As a former reporter, I can say these issues would invariably pop up before big stories ran. Sometimes, it means delaying your story for a day or two, or in a few cases, never run them at all. As a journalist, you, as a general rule, cannot spend any time in your story defending your story. If you have to, it means you don't have it nailed down yet; it needs more time in the oven.

The DDN spend almost the entirety of their story defending their story.

Greg Mild, over at Plunderbund has an even harsher response, and points out some great absurdities of the DDN analysis

Furthermore, note that the “2,600 improbable changes” include spikes and drops in test results. These journalists are putting out this theory of irregularities and cheating by schools based on numbers that include falling scores! Right, because so many educators are interested in risking their careers by encouraging children to change their scores to incorrect answers to suffer a significant DROP in their test scores. Yet those numbers are touted by these “journalists” in their sweeping accusations of improbable scores and cheating.

We continue to believe that cheating is totally unacceptable and ought to be exposed when and where found, but the Dayton Daily News story, as they point out themselves, does not come close to demonstrating what they seem to want to sensationalize - widespread cheating, Atlanta style.

As we begin to rely more and more upon student test scores to measure schools and teachers, suspicions are going to grow, a few might be borne out, but many will be baseless - but each accusation serves to undermine public education and people's trust in it. It's another unintended failing of the corporate education reform schemes we're currently pursuing.

Like an untested drug?

If there was a new drug that had shown some promise in curing the flu in lab trials, but there were also some indicators that it had some nasty, in some cases fatal, side effects, do you think that drug required more testing and trials, or should be rushed into production and given out as widely as possible?

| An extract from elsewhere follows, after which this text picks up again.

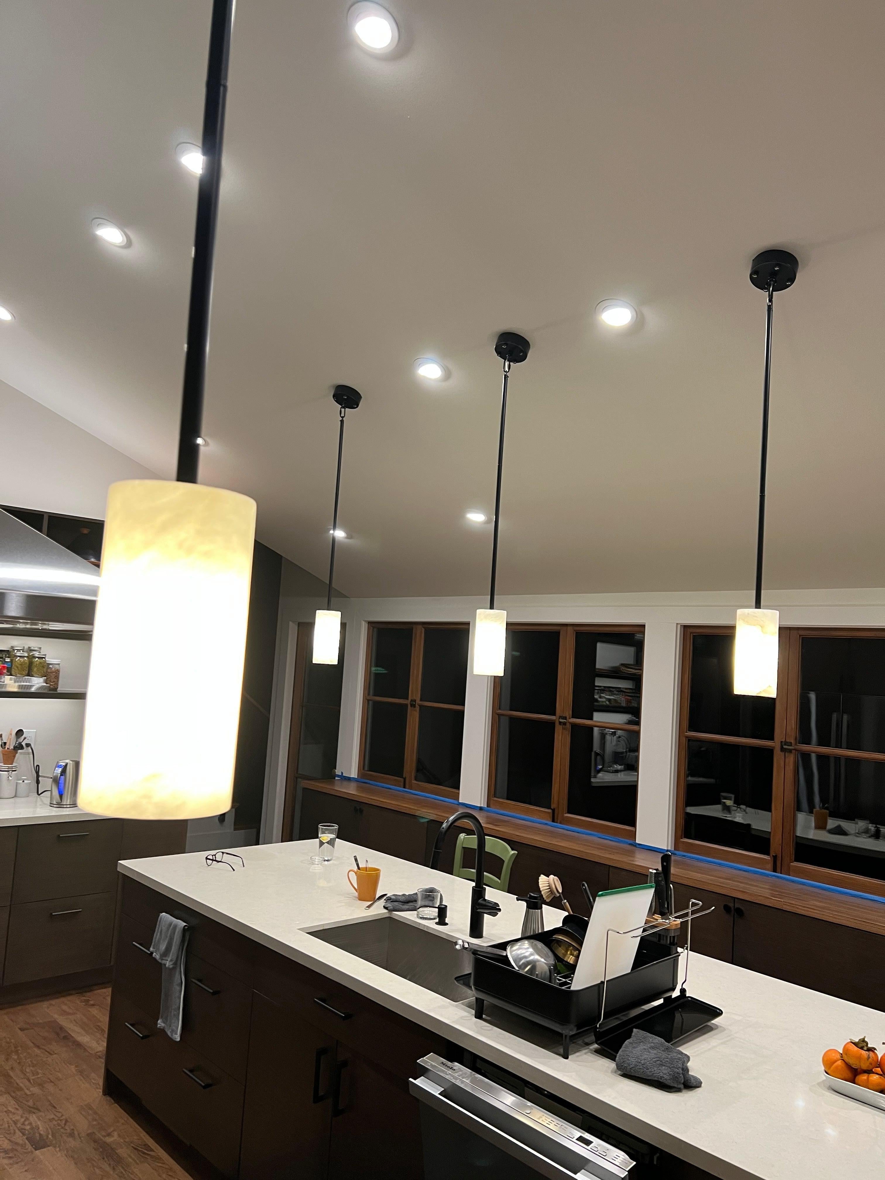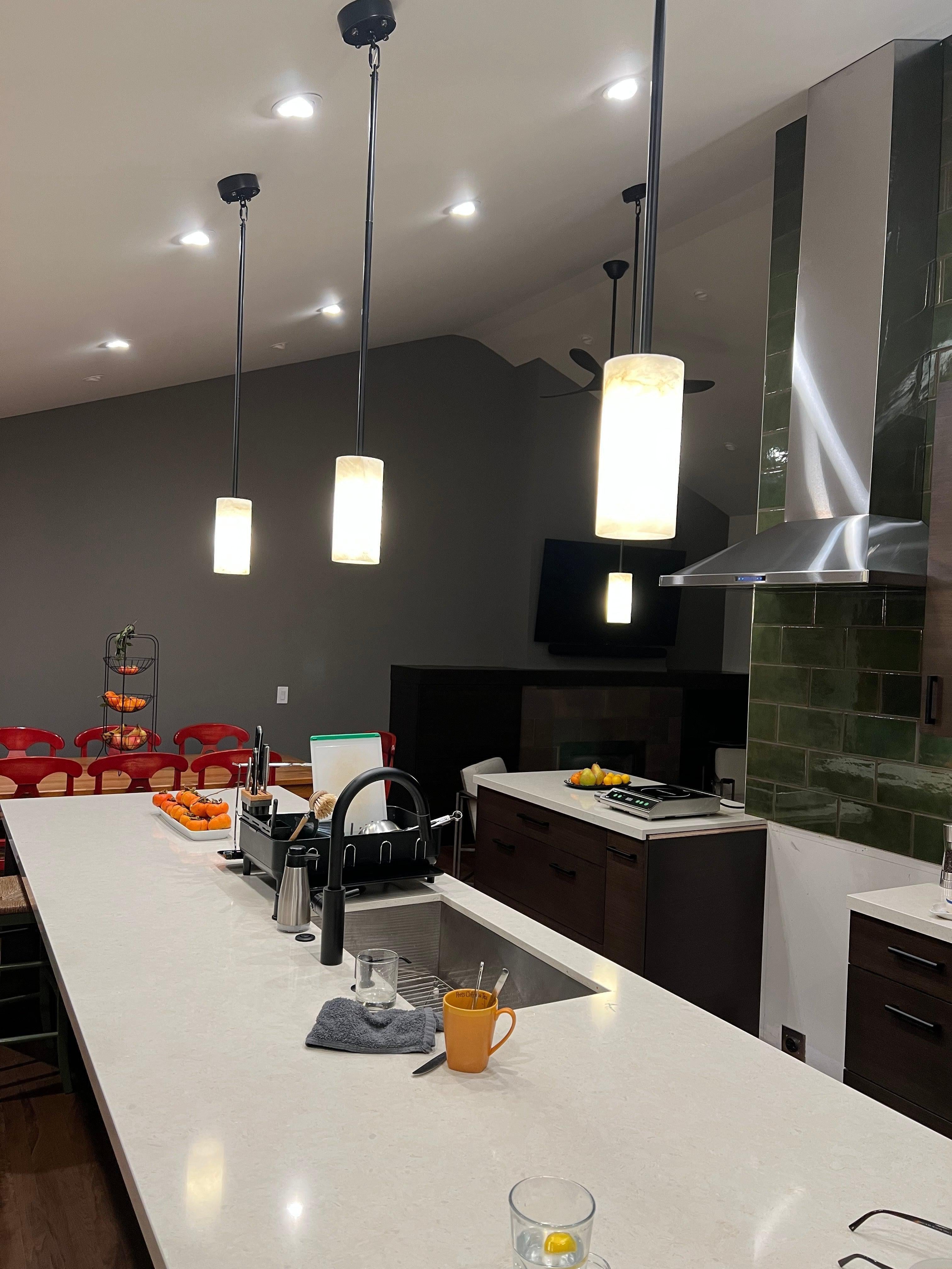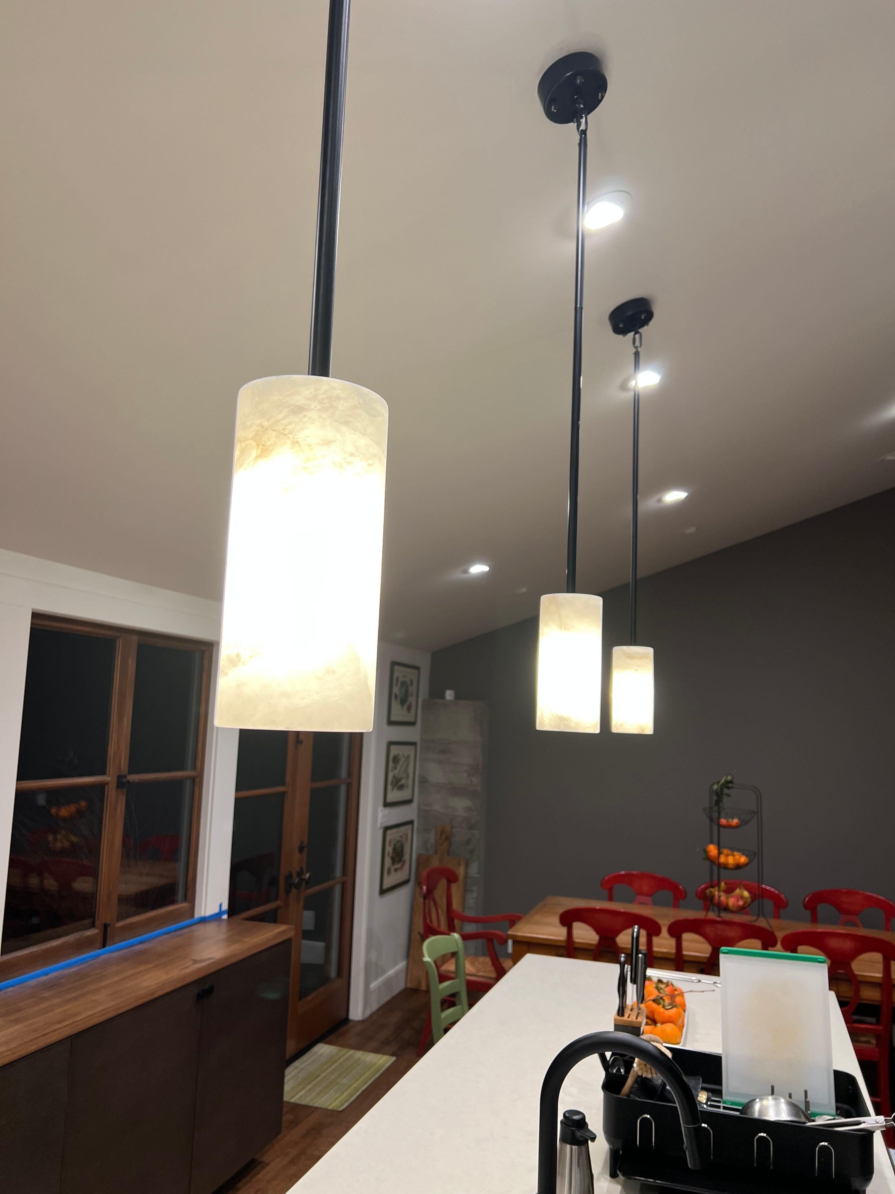Introducing our Hand Carved Alabaster Cylinder Pendant, where artisanal craftsmanship meets modern design. This pendant features a beautifully hand-carved alabaster cylinder, suspended by a sleek metal fixture that creates a striking contrast. The natural veining of the alabaster casts a warm, inviting glow, making it a stunning focal point in any room. Whether hung above a kitchen island or used as a statement piece in a living area, the Hand Carved Alabaster Cylinder Pendant embodies a perfect balance of elegance and simplicity, bringing an air of sophistication and timeless beauty to your home.

That's basically the scenario we have with using value add scores for high stakes decision making when it comes to teachers. Sure no one is actually going to die, but if corporate education reformers have their way, many might falsely lose their jobs, and the money wasted will never be used to actually educate a student, and what of the opportunity cost of missing out on getting effective reforms into the classroom being missed?

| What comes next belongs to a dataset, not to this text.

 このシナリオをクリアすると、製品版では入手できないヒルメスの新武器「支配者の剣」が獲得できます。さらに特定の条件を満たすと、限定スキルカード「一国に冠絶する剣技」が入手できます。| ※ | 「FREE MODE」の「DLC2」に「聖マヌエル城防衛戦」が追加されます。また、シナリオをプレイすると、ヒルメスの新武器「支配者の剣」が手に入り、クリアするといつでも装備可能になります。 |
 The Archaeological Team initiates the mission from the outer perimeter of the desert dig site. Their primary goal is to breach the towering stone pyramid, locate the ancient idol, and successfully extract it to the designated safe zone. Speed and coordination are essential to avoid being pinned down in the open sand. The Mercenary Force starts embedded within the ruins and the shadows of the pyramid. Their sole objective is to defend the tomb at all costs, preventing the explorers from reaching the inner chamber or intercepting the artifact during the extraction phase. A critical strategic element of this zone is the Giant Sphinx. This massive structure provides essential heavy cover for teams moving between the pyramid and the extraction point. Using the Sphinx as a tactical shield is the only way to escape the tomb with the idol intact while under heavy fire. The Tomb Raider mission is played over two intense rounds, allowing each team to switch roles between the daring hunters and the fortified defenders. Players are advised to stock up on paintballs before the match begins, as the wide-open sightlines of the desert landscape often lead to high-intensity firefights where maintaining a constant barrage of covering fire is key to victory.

Given the context-dependency of the estimators’ ability to produce accurate results, however, and our current lack of knowledge regarding prevailing assignment practices, VAM-based measures of teacher performance, as currently applied in practice and research, must be subjected to close scrutiny regarding the methods used and interpreted with a high degree of caution.

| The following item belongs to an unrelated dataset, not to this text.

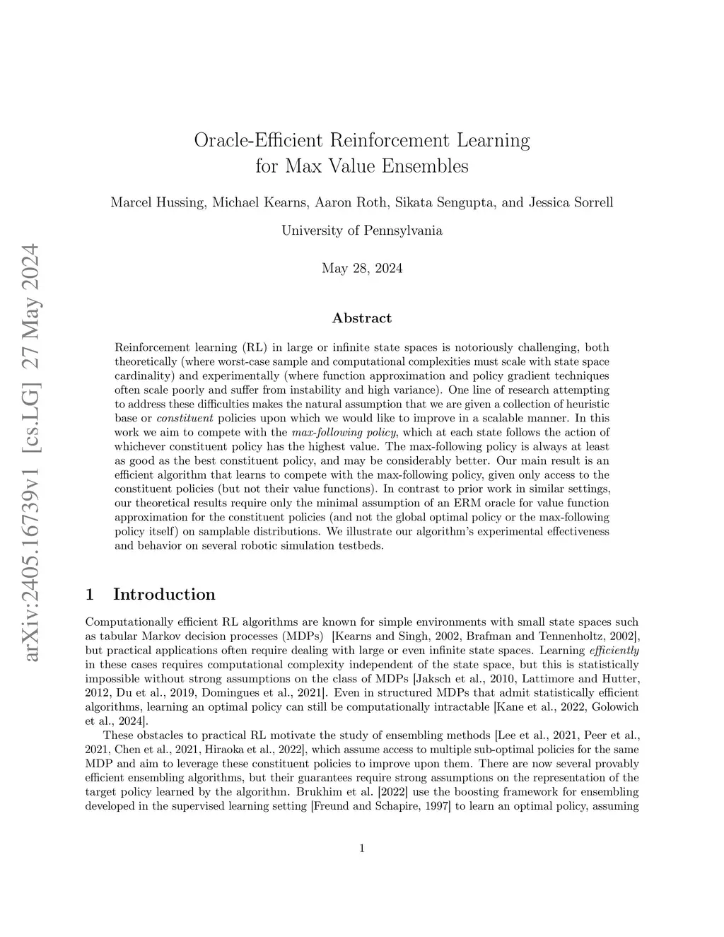 Reinforcement learning (RL) in large or infinite state spaces is notoriously challenging, both theoretically (where worst-case sample and computational complexities must scale with state space cardinality) and experimentally (where function approximation and policy gradient techniques often scale poorly and suffer from instability and high variance). One line of research attempting to address these difficulties makes the natural assumption that we are given a collection of heuristic base or policies upon which we would like to improve in a scalable manner. In this work we aim to compete with the , which at each state follows the action of whichever constituent policy has the highest value. The max-following policy is always at least as good as the best constituent policy, and may be considerably better. Our main result is an efficient algorithm that learns to compete with the max-following policy, given only access to the constituent policies (but not their value functions). In contrast to prior work in similar settings, our theoretical results require only the minimal assumption of an ERM oracle for value function approximation for the constituent policies (and not the global optimal policy or the max-following policy itself) on samplable distributions. We illustrate our algorithm's experimental effectiveness and behavior on several robotic simulation testbeds.

Methods of constructing estimates of teacher effects that we can trust for high-stakes evaluative purposes must be further studied, and there is much left to investigate. In future research, we will explore the extent to which various estimation methods, including more sophisticated dynamic treatment effects estimators, can handle further complexity in the DGPs.

The addition of test measurement error, school effects, time-varying teacher effects, and different types of interactions among teachers and students are a few of many possible dimensions of complexity that must be studied. Finally, diagnostics are needed to identify the structure of decay and prevailing teacher assignment mechanisms. If contextual norms with regard to grouping and assignment mechanisms can be deduced from available data, then it may be possible to determine which estimators should be applied in a given context.

We must be able to prove that evaluations and the metrics that make them up are fair, accurate and stable, and if they are to have any real benefit they must ultimately demonstrate a cost effective way to improve student achievement and education quality. We're simply not there yet and pretending we are is dangerous and carries some very real risks.